### Listed records
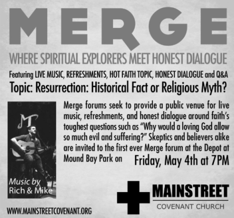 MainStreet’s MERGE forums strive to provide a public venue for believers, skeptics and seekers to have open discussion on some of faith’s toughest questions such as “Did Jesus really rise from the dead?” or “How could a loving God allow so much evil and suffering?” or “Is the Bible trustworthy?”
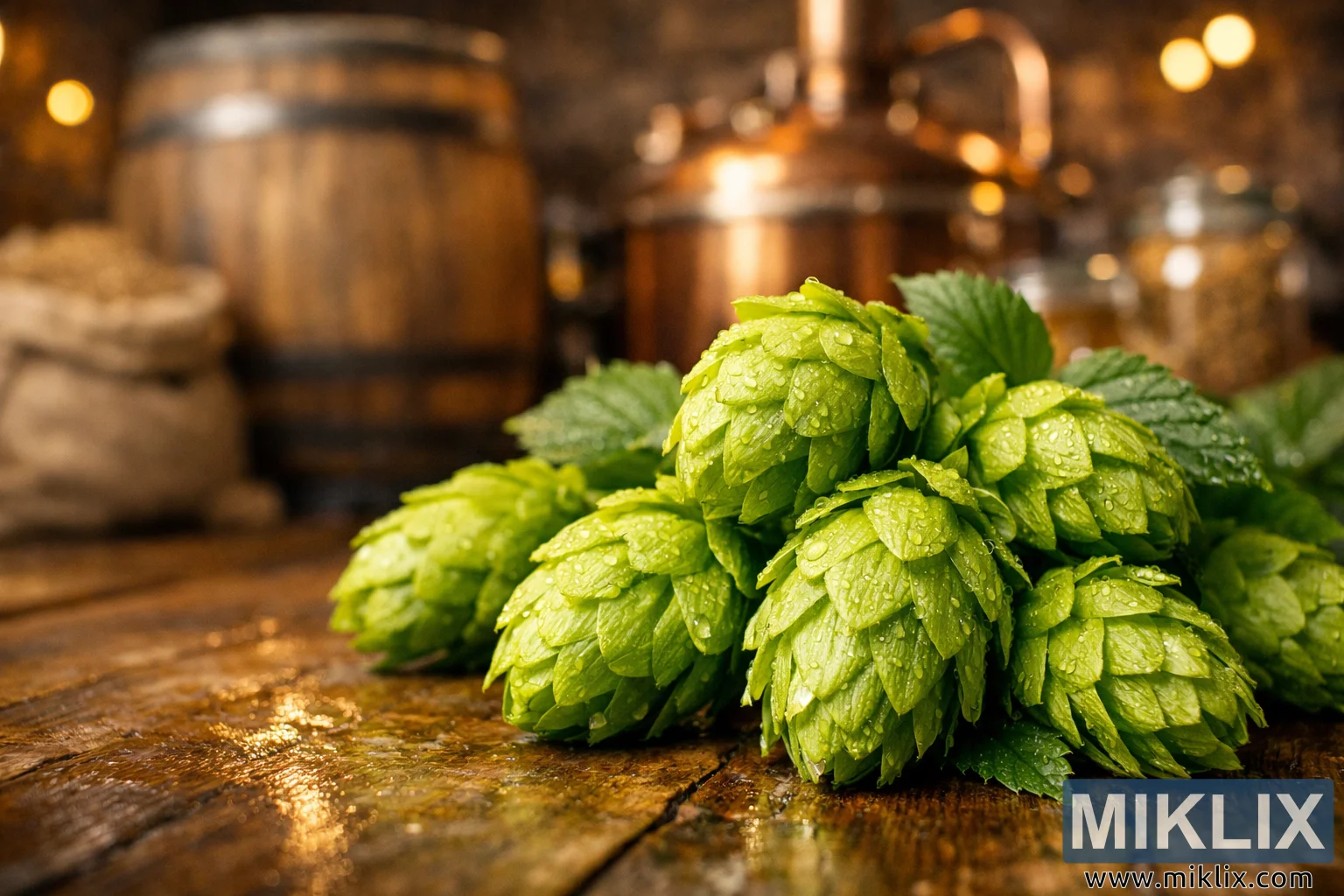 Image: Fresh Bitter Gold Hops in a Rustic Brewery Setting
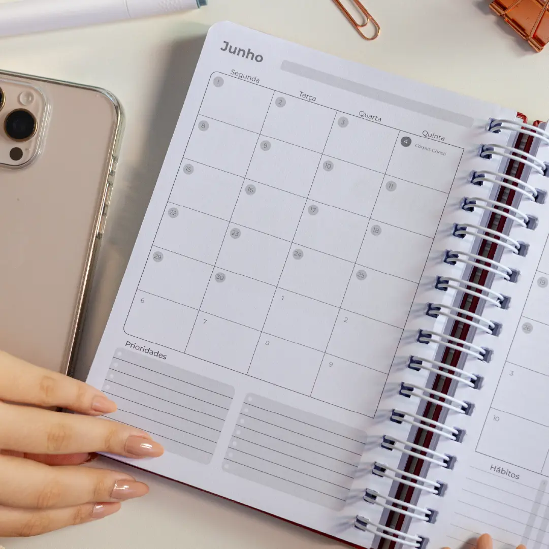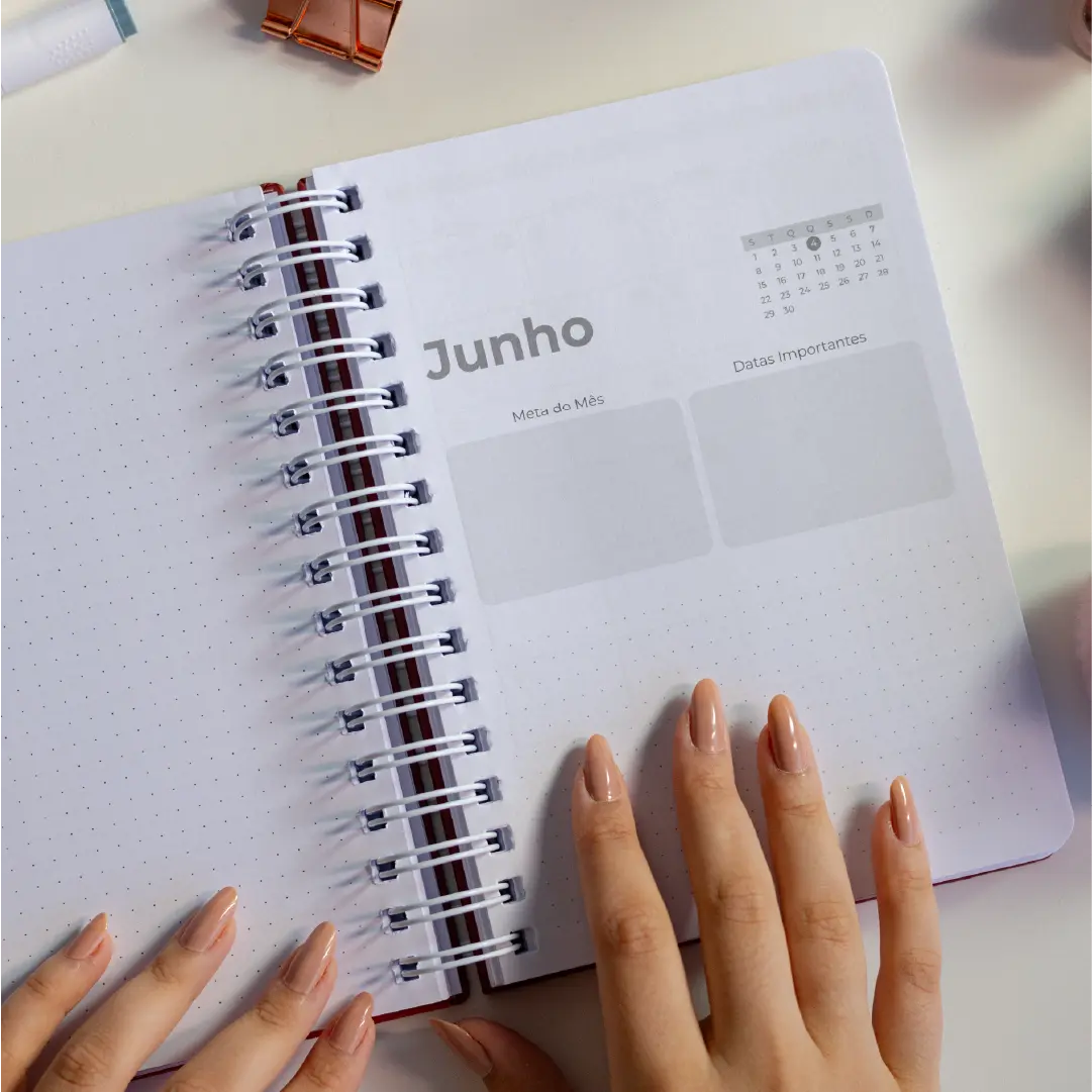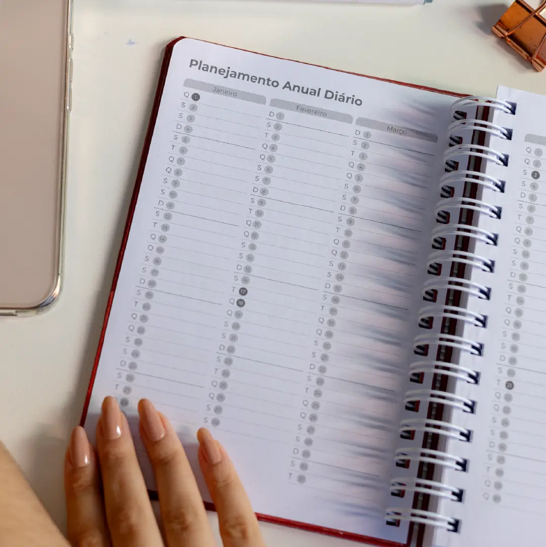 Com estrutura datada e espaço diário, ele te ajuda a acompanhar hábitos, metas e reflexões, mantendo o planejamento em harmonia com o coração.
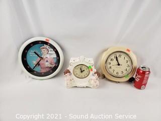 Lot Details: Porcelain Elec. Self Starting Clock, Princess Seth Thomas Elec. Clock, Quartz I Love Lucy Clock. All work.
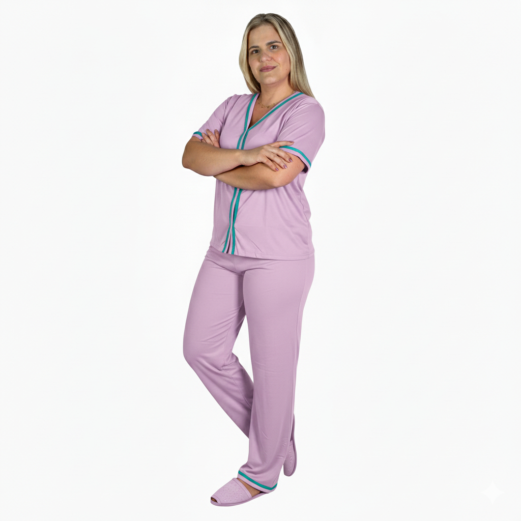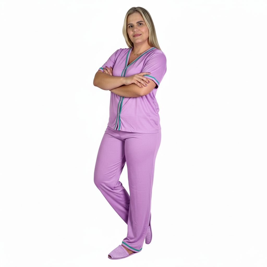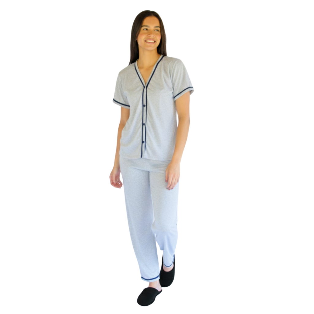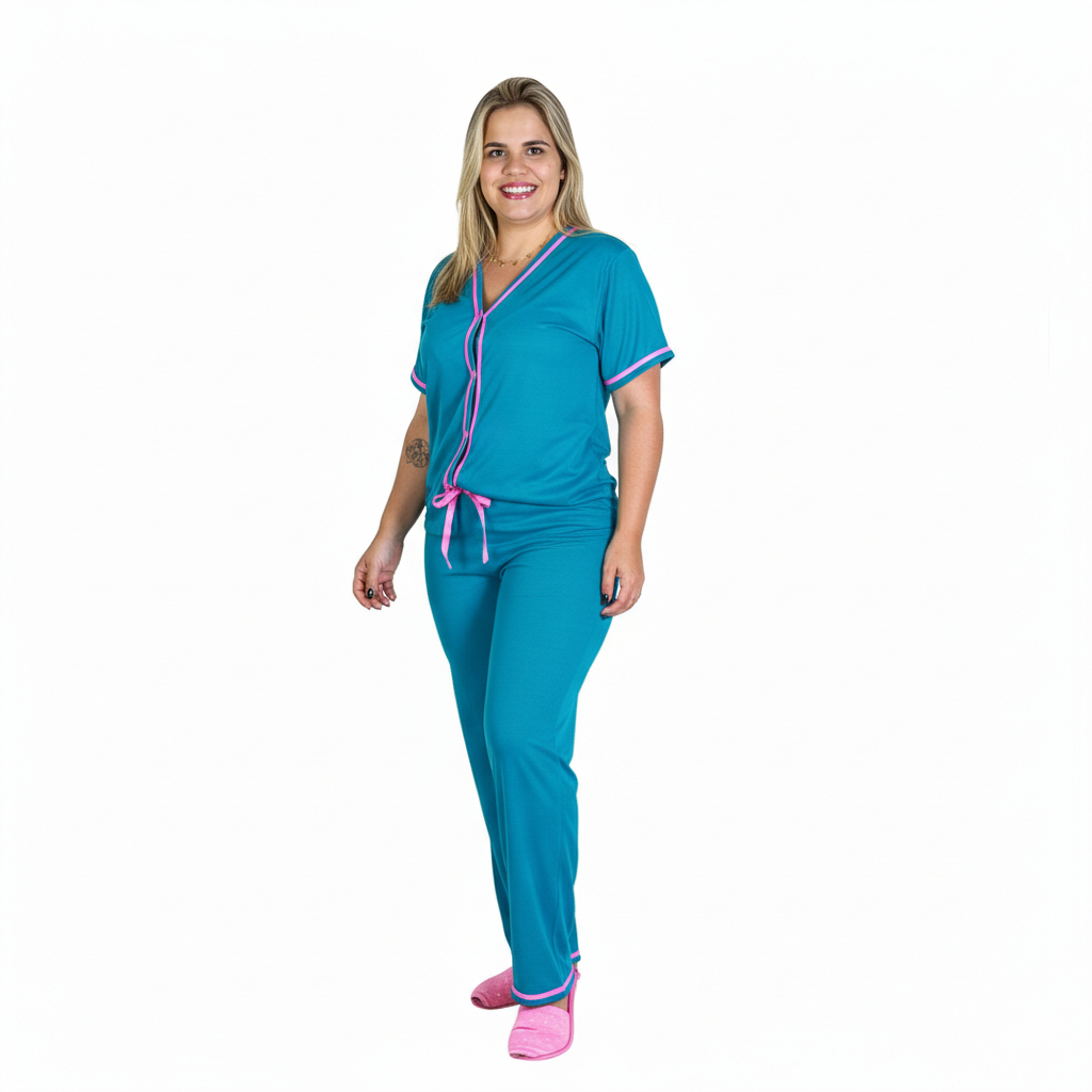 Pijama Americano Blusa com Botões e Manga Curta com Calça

==

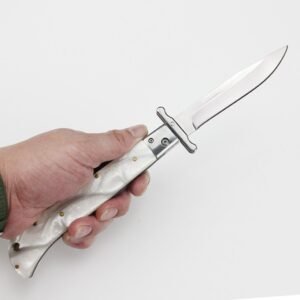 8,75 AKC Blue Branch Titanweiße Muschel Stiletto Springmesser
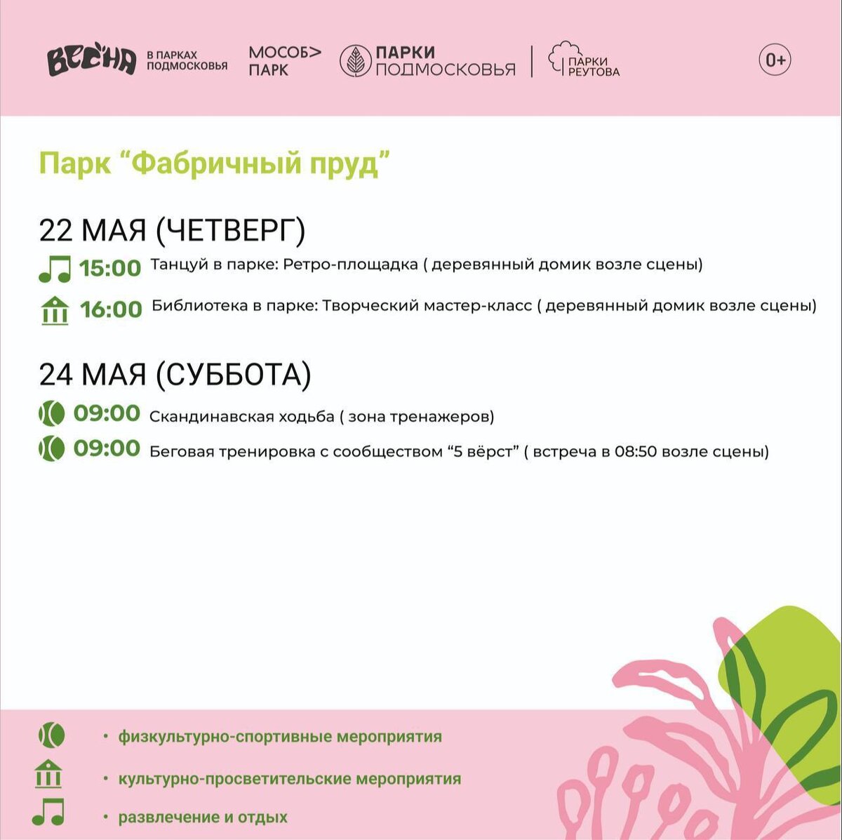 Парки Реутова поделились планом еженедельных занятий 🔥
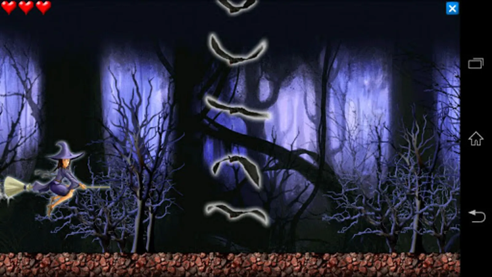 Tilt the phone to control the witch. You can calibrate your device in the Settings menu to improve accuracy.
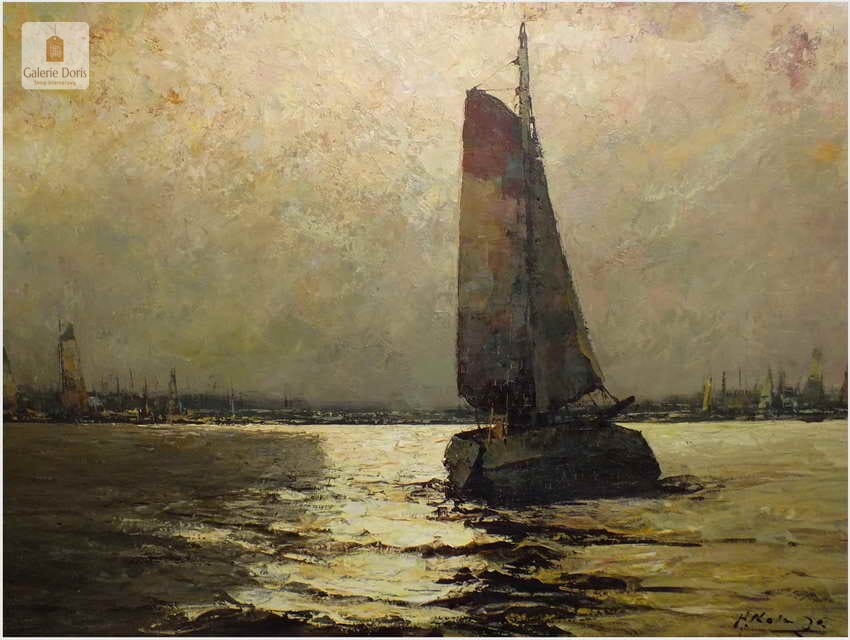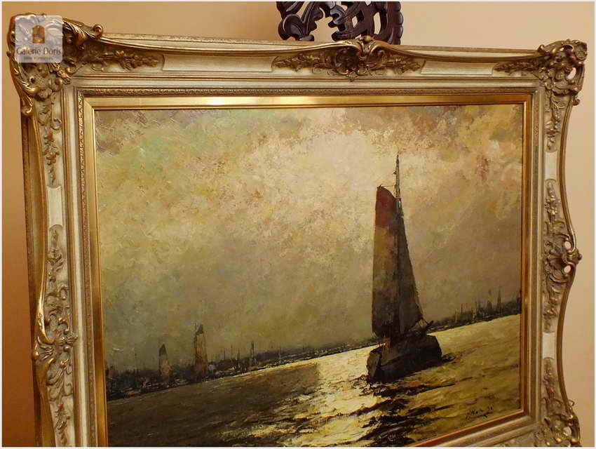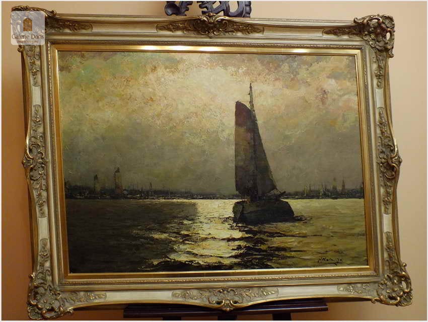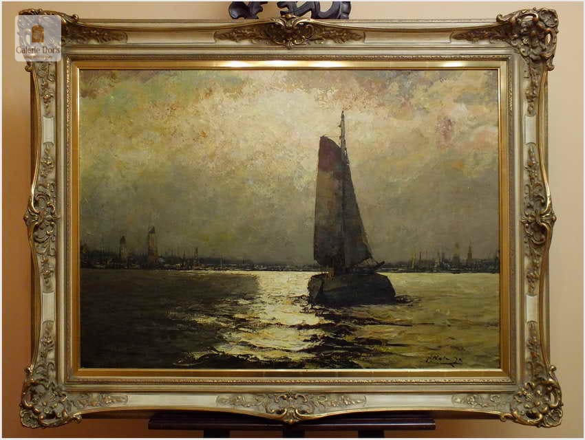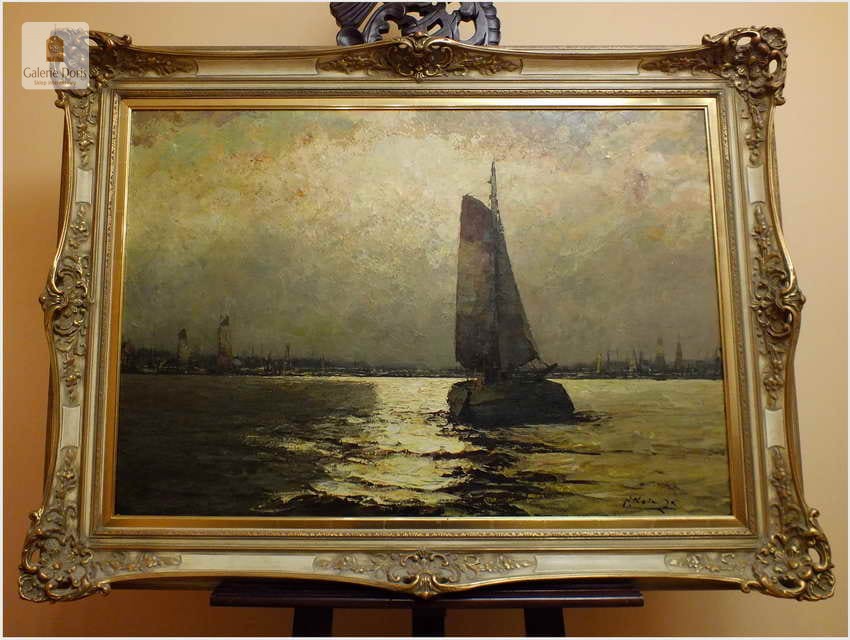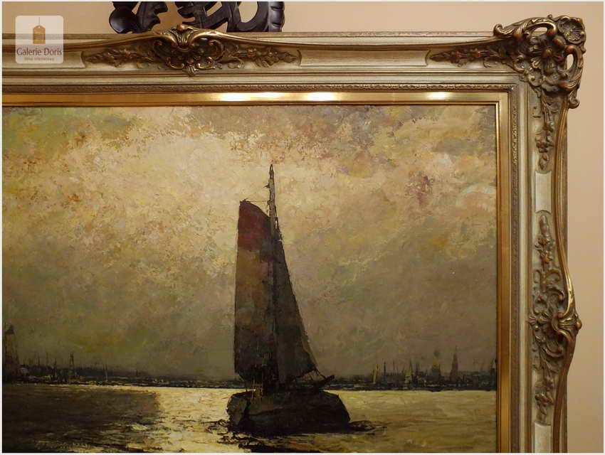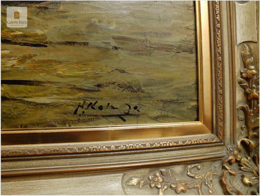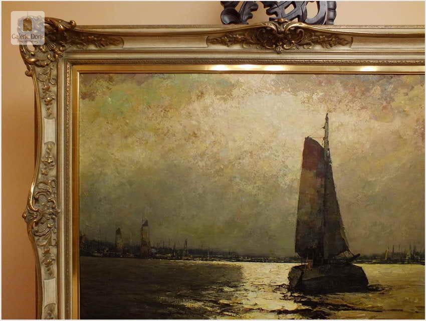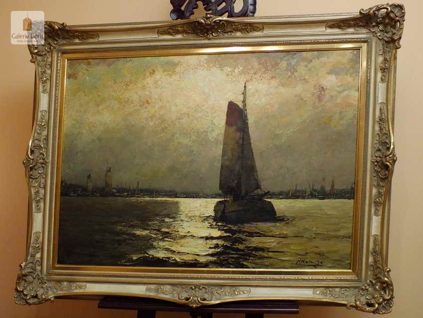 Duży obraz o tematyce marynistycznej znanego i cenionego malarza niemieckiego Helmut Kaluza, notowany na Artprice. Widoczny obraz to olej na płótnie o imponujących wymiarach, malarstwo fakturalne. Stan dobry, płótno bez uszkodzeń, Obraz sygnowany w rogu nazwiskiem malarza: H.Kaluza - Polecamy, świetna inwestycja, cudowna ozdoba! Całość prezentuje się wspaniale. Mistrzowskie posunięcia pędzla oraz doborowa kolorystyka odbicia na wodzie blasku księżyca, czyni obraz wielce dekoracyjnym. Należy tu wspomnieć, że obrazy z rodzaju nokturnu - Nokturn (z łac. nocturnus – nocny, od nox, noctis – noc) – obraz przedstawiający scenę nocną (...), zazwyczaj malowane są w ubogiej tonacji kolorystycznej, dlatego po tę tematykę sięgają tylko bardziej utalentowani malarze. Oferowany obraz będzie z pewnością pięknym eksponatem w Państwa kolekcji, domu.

### Task instructions
Using the records above, repeat exactly the run of lines that starts with the line with "8,75 AKC Blue" and goes on through the line with "Duży obraz o"; omit each picture.

### Output
 8,75 AKC Blue Branch Titanweiße Muschel Stiletto Springmesser
 Парки Реутова поделились планом еженедельных занятий 🔥
 Tilt the phone to control the witch. You can calibrate your device in the Settings menu to improve accuracy.
 Duży obraz o tematyce marynistycznej znanego i cenionego malarza niemieckiego Helmut Kaluza, notowany na Artprice. Widoczny obraz to olej na płótnie o imponujących wymiarach, malarstwo fakturalne. Stan dobry, płótno bez uszkodzeń, Obraz sygnowany w rogu nazwiskiem malarza: H.Kaluza - Polecamy, świetna inwestycja, cudowna ozdoba! Całość prezentuje się wspaniale. Mistrzowskie posunięcia pędzla oraz doborowa kolorystyka odbicia na wodzie blasku księżyca, czyni obraz wielce dekoracyjnym. Należy tu wspomnieć, że obrazy z rodzaju nokturnu - Nokturn (z łac. nocturnus – nocny, od nox, noctis – noc) – obraz przedstawiający scenę nocną (...), zazwyczaj malowane są w ubogiej tonacji kolorystycznej, dlatego po tę tematykę sięgają tylko bardziej utalentowani malarze. Oferowany obraz będzie z pewnością pięknym eksponatem w Państwa kolekcji, domu.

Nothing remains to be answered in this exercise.